Roger touched the edge of the shoebox, and then shoved his hands into his pockets. “Really,” he said.
“The real deal,” she said. “Cost me a fortune. It’s from this freaked-out monastery where the monks cut out their own tongues to get closer to God. They dehydrate them and sell them for two thousand per. Luckily, I know a guy. I’ve been saving all year to get one. Apparently they’re like pâté.”
Roger bit his own tongue, gently, at the thought.
Olive took the box into the kitchen and set it on the counter, next to a white bowl filled with a white liquid. “Buttermilk with a dash of vinegar,” she said. She opened the bag and dropped the tongue into the bowl without ceremony. “Takes the bitterness out of game. Just a little dunk before the flour. I’m not sure we’re gamey but I thought I’d give it a shot.” She set a pan to heat on the range and dropped two pats of butter into the pan. “I believe I shall sauté,” she said.
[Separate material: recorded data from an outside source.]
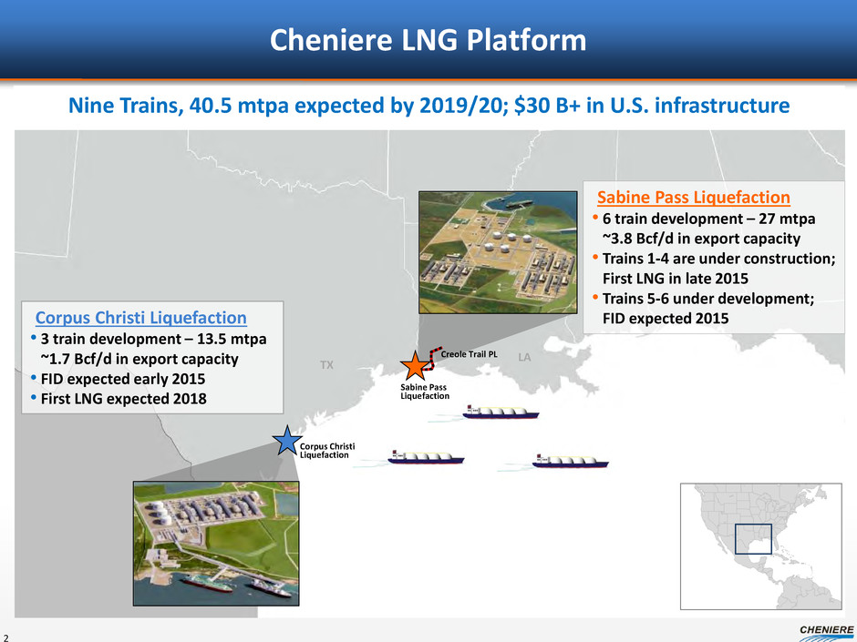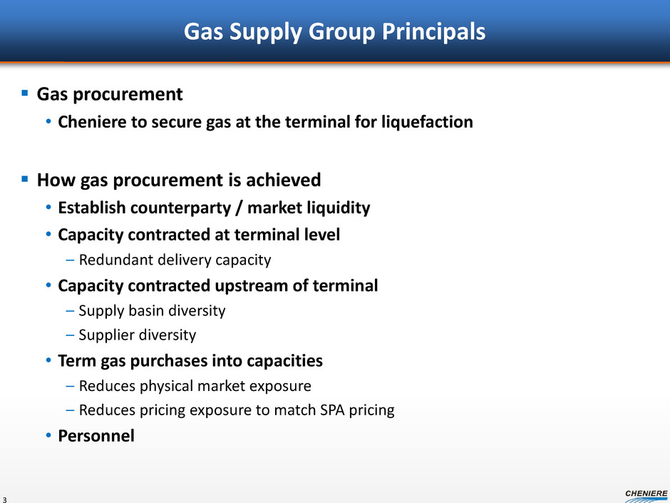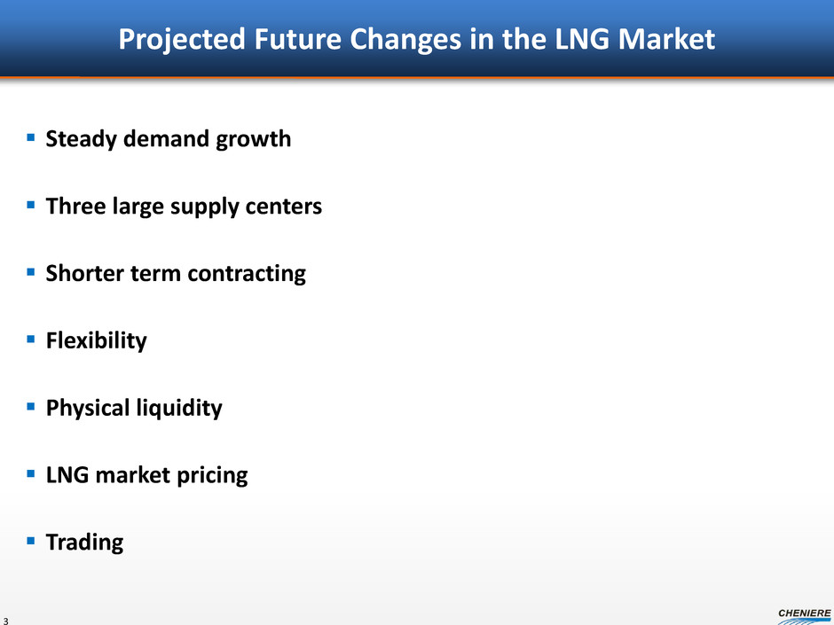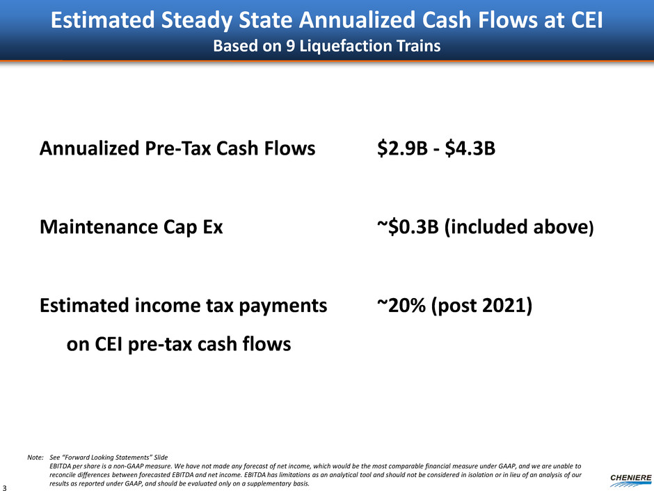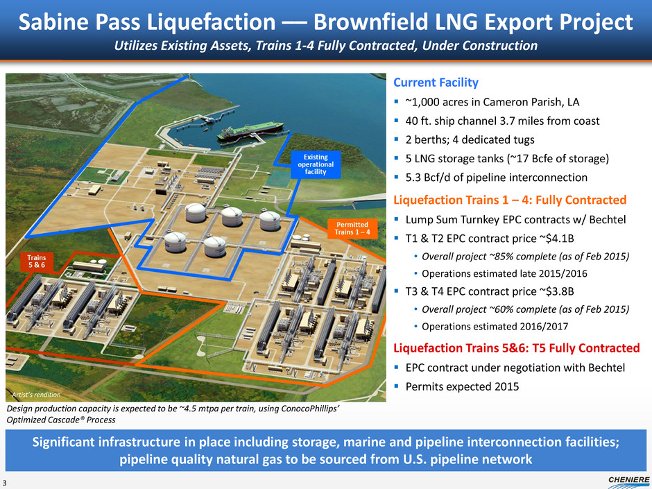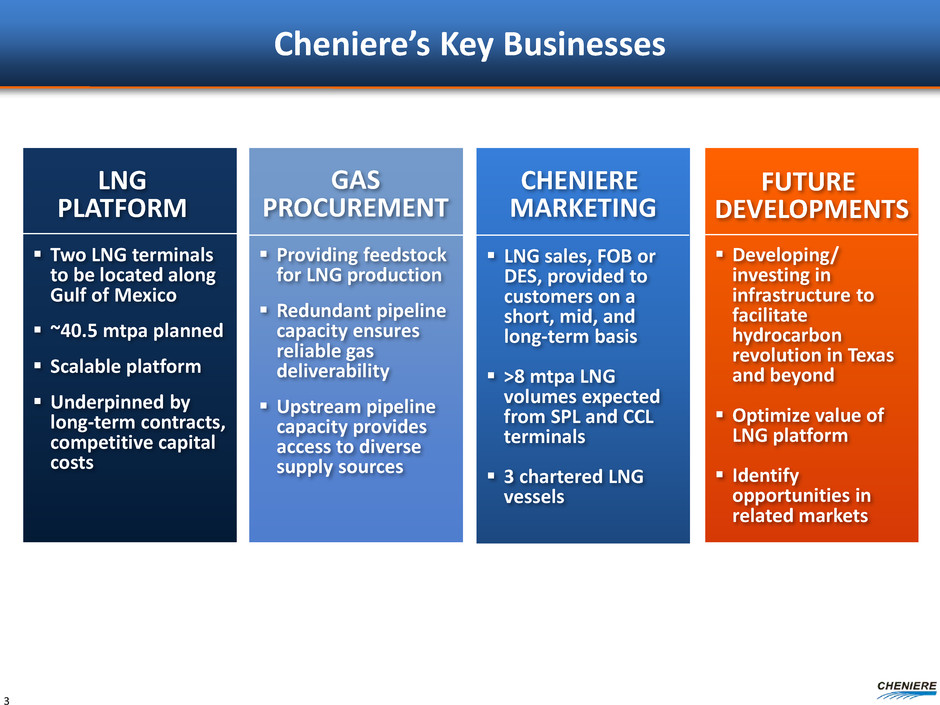 Forward Looking Statements 2 This presentation contains certain statements that are, or may be deemed to be, “forward-looking statements” within the meaning of Section 27A of the Securities Act of 1933, as amended, and Section 21E of the Securities Exchange Act of 1934, as amended. All statements, other than statements of historical facts, included herein are “forward-looking statements.” Included among “forward-looking statements” are, among other things: statements regarding the ability of Cheniere Energy Partners, L.P. to pay distributions to its unitholders or Cheniere Energy Partners LP Holdings, LLC to pay dividends to its shareholders; statements regarding Cheniere Energy Inc.’s, Cheniere Energy Partners LP Holdings, LLC’s or Cheniere Energy Partners, L.P.’s expected receipt of cash distributions from their respective subsidiaries; statements that Cheniere Energy Partners, L.P. expects to commence or complete construction of its proposed liquefied natural gas (“LNG”) terminals, liquefaction facilities, pipeline facilities or other projects, or any expansions thereof, by certain dates or at all; statements that Cheniere Energy, Inc. expects to commence or complete construction of its proposed LNG terminals, liquefaction facilities, pipeline facilities or other projects by certain dates or at all; statements regarding future levels of domestic and international natural gas production, supply or consumption or future levels of LNG imports into or exports from North America and other countries worldwide, or purchases of natural gas, regardless of the source of such information, or the transportation or other infrastructure, or demand for and prices related to natural gas, LNG or other hydrocarbon products; statements regarding any financing transactions or arrangements, or ability to enter into such transactions; statements relating to the construction of our proposed liquefaction facilities and natural gas liquefaction trains (“Trains”), or modifications to the Creole Trail Pipeline, including statements concerning the engagement of any engineering, procurement and construction ("EPC") contractor or other contractor and the anticipated terms and provisions of any agreement with any EPC or other contractor, and anticipated costs related thereto; statements regarding any agreement to be entered into or performed substantially in the future, including any revenues anticipated to be received and the anticipated timing thereof, and statements regarding the amounts of total LNG regasification, liquefaction or storage capacities that are, or may become, subject to contracts; statements regarding counterparties to our commercial contracts, construction contracts and other contracts; statements regarding our planned construction of additional Trains, including the financing of such Trains; statements that our Trains, when completed, will have certain characteristics, including amounts of liquefaction capacities; statements regarding our business strategy, our strengths, our business and operation plans or any other plans, forecasts, projections or objectives, including anticipated revenues and capital expenditures and EBITDA, any or all of which are subject to change; statements regarding projections of revenues, expenses, earnings or losses, working capital or other financial items; statements regarding legislative, governmental, regulatory, administrative or other public body actions, approvals, requirements, permits, applications, filings, investigations, proceedings or decisions; statements regarding our anticipated LNG and natural gas marketing activities; and any other statements that relate to non-historical or future information. These forward-looking statements are often identified by the use of terms and phrases such as “achieve,” “anticipate,” “believe,” “contemplate,” “develop,” “estimate,” “example,” “expect,” “forecast,” “goal,” “opportunities,” “plan,” “potential,” “project,” “propose,” “subject to,” “strategy,” “target,” and similar terms and phrases, or by use of future tense. Although we believe that the expectations reflected in these forward-looking statements are reasonable, they do involve assumptions, risks and uncertainties, and these expectations may prove to be incorrect. You should not place undue reliance on these forward-looking statements, which speak only as of the date of this presentation. Our actual results could differ materially from those anticipated in these forward-looking statements as a result of a variety of factors, including those discussed in “Risk Factors” in the Cheniere Energy, Inc., Cheniere Energy Partners, L.P. and Cheniere Energy Partners LP Holdings, LLC Annual Reports on Form 10-K filed with the SEC on February 20, 2015, which are incorporated by reference into this presentation. All forward-looking statements attributable to us or persons acting on our behalf are expressly qualified in their entirety by these ”Risk Factors.” These forward-looking statements are made as of the date of this presentation, and other than as required under the securities laws, we undertake no obligation to publicly update or revise any forward-looking statements.
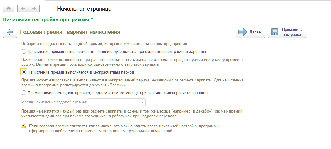 Позволяет автоматически добавить требуемые виды расчета по годовой премии в план видов расчета "Начисления". Отдельной настройки программы для этого нет, если премию потребовалось добавить впоследствии, пользователь вручную создает подобный вид расчета в списке начислений.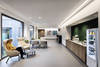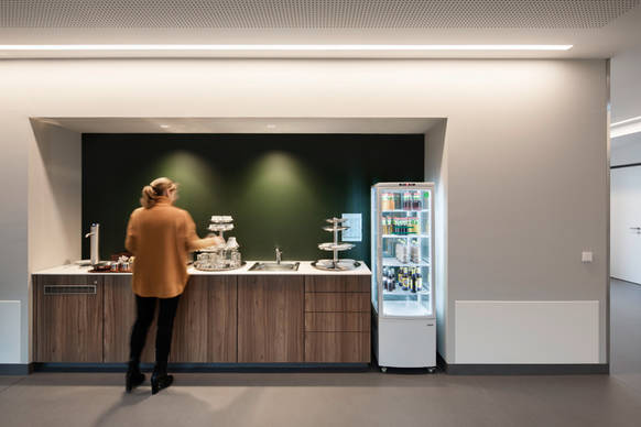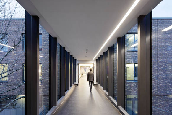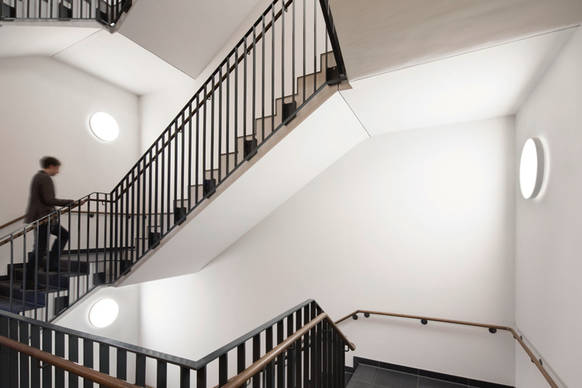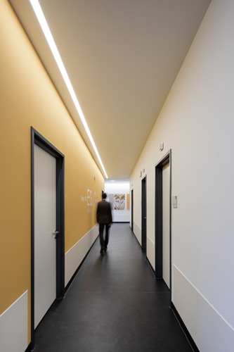 Das Licht ist vernetzt – durch LITECOM infinity. Das Lichtmanagementsystem von Zumtobel übernimmt die zentrale Steuerung aller Leuchten im öffentlichen Bereich des Gebäudes. Dank integrierter Sensoren reagiert die Beleuchtung auf Präsenz und nimmt zudem die Dynamik des Tageslichts auf. So unterstützt sie den natürlichen Biorhythmus des Menschen und gewährleistet maximalen Sehkomfort.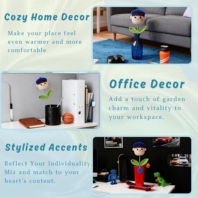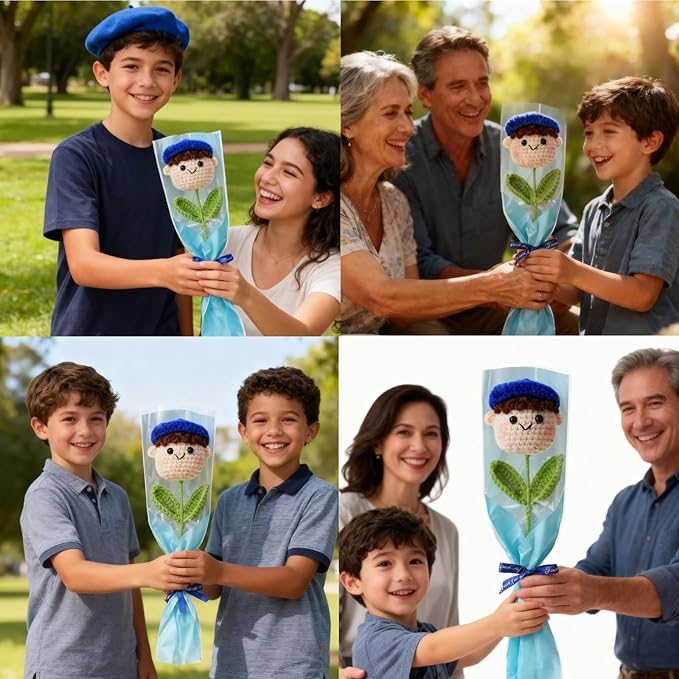 • 1. Meticulously Handmade, Built to Last- Expertly crocheted with premium cotton-acrylic yarn for a soft yet durable finish. Ready-to-gift in elegant single-bouquet packaging—perfect for friends, family, coworkers, or teachers.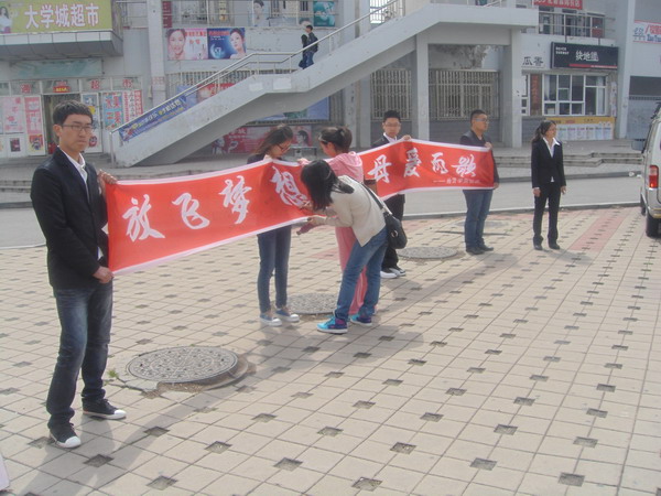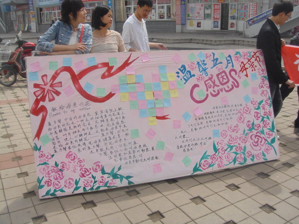 5月13日上午9时,经济学院团委信息技术部和编辑部所有成员在A区食堂门口集合并摆出母亲节宣传画板和条幅。此次活动以宣传母爱,感恩母亲为主题,号召在外学子们通过签字和粘贴祝福母亲,感怀母爱小寄语等方式表达对母亲的思念和祝福。

Roger looked around Olive’s apartment. There were roach motels lining their shared wall, an old city map covering a foundation crack next to her bedroom door.
“Did you hear about the Japanese cannibal they caught?” Roger asked. “He told the court what people taste like.”
Olive turned and leaned on the counter.
“Sushi,” he said.
She picked three bowls out of the dishwasher. She cracked eggs into one bowl, poured flour into another, and bread crumbs into a third. She sliced a clove of garlic and dropped the slices into the pan.
“Tuna,” Roger said.
“You should stay for dinner.” She poured him a glass of wine. “This is a really special night,” she said, pouring her own glass. “I’m glad to share it with someone.”
“I’m glad to be here,” Roger said. He sat down on the floor, holding his glass with both hands.
“Don’t be nervous,” Olive said. “You can have a little bite, and if you don’t like it, I’ll eat the rest. Culinary adventure.” She fished around in the buttermilk for the tongue, and dropped it first in the flour, then the eggs, then the breadcrumbs.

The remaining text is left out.